Qu’est-ce que La femme de l’aviateur, sinon
une carte du Tendre dessinée dans les rues de Paris et le jardin des
Buttes-Chaumont ? Les nuits de la pleine lune, avec son héroïne
si légère, Louise (inoubliable Pascale Ogier), qui trace des arabesques
en courant sans cesse de Marne-la-Vallée à Paris, évoque
Mozart et le xviiie siècle7. Tandis que L’ami
de mon amie a la solidité du Grand Siècle et son goût
pour la symétrie : on pense à Le Nôtre et à Lulli.
Rohmer lui-même, pour parler de ses films,
emploie de plus en plus souvent des mots qui appartiennent au vocabulaire des
autres arts : " J’ai conçu mes Contes moraux, dit-il, à
la manière de six variations symphoniques8. " Ou bien, à
propos du Conte de printemps : " Le cinéma, c’est de l’architecture.
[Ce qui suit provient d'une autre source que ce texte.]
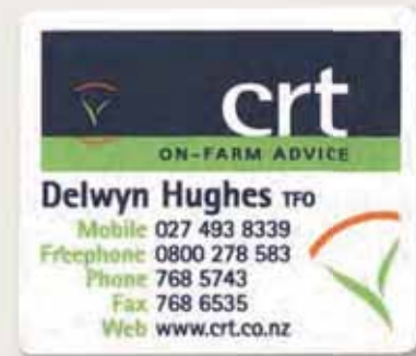
70 mm × 60 mm: 100094.

" Car, à peine terminé Comédies et proverbes, Éric
Rohmer enchaîne sur les Contes des quatre saisons. Après
les gris et bleus feutrés des Nuits de la pleine lune, après
les teintes éclatantes (rouge et blanc, bleu et vert) de L’ami de
mon amie, Conte de printemps, le premier de la nouvelle série,
est vert et blanc. Mais Éric Rohmer s’est toujours défendu d’établir
un rapport direct entre les couleurs qu’il choisit et l’histoire qu’il raconte.
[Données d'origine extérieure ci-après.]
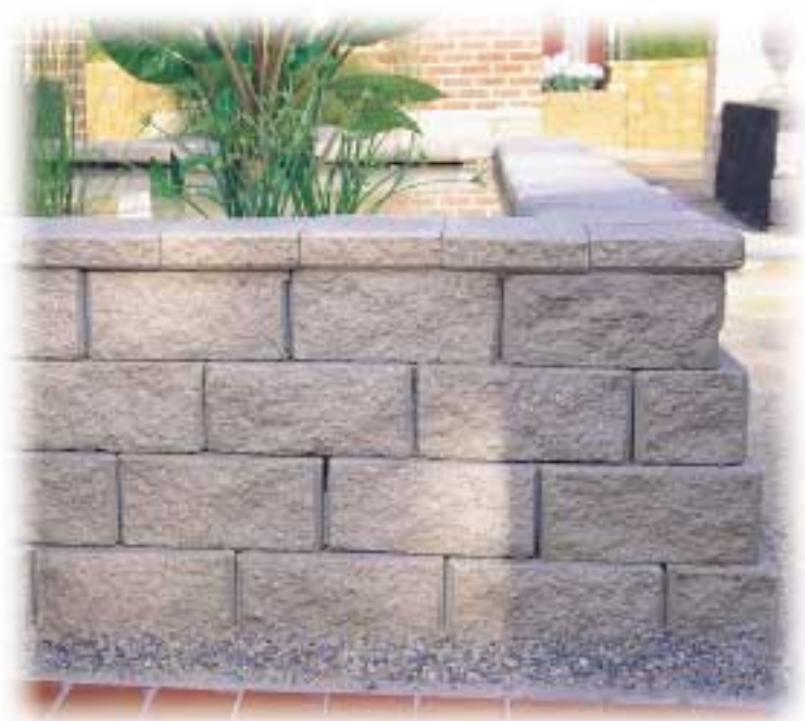
Linkwall - Bluestone (NSW & Vic)

Si tel était le cas, ce serait de l’expressionnisme,
ce que je n’aime pas. Mais [dans Conte de printemps] il y a accord entre
les couleurs et le printemps et accord entre le printemps et l’histoire.
Dans les Contes moraux, on s’interrogeait
sur les fins ; dans les Comédies et proverbes, sur les moyens
; dans les Contes des quatre saisons, les personnages discutent à
perdre haleine sur de possibles machinations ou d’impossibles décisions.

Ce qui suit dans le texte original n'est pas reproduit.